Where ML Time Actually Goes

Click a slice to see details. The pulsing slice is where you'll spend most of your career.

Compare that to how beginners think the time breaks down. Newcomers imagine it's 50% architecture design, 30% coding, 10% tuning, 10% evaluation. They're off by an order of magnitude on what matters most. The architecture is the easy part. Making it work is the job.

This lesson teaches the unglamorous but essential skills: how to build a data pipeline that doesn't lie to you, how to triage a broken model in five steps, how to search for hyperparameters efficiently, how to read a loss curve like a cockpit instrument panel, and how to evaluate a model beyond a single accuracy number.
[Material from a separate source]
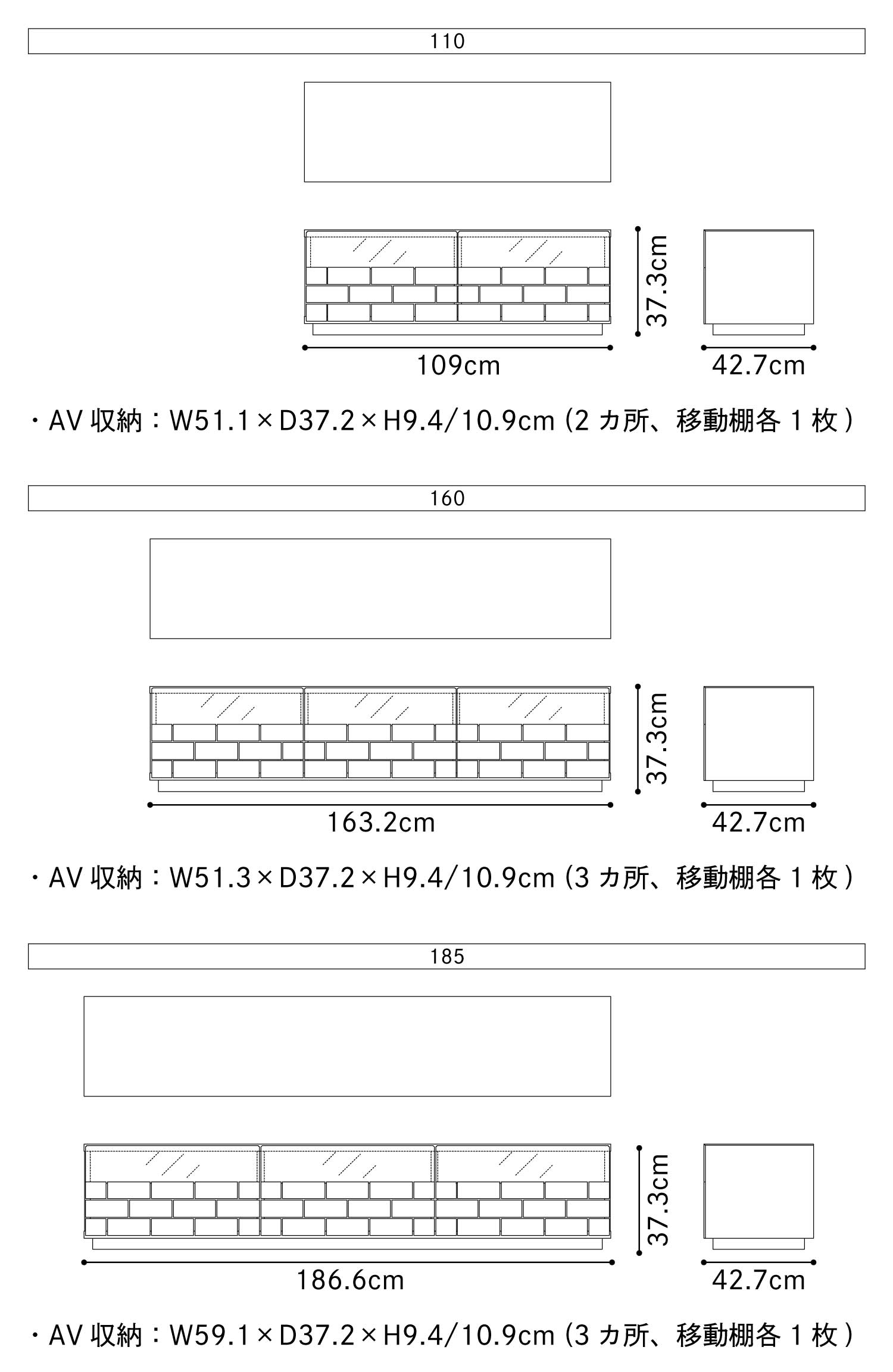 | サイズ | 110 : W109×D42.7×H37.3cm 160 : W163.2×D42.7×H37.3cm 185 : W186.6×D42.7×H37.3cm 脚高さ : 4cm (どのサイズも共通です) |

The gap between "I understand Transformers" and "I can train one that works" is where careers are made. Theory gets you the interview. Methodology gets you the results. Every senior ML engineer has a mental toolkit for debugging — this lesson gives you yours.
What this lesson covers: Data quality and leakage detection. The five-step debugging triage. Random vs grid search for hyperparameters. The regularization toolkit (dropout, weight decay, early stopping, augmentation). Reading training dashboards — loss curves, gradient norms, LR schedules, parameter histograms. Evaluation beyond accuracy: confusion matrices, precision, recall, F1, and class imbalance.
What fraction of a typical ML project is spent debugging and tuning?

Chapter 1: Data Pipeline

Your model can only be as good as its data. A perfect architecture trained on noisy, mislabeled, or leaky data will produce noisy, mislabeled, or deceptively optimistic predictions. Data quality determines your ceiling — everything else determines how close you get to it.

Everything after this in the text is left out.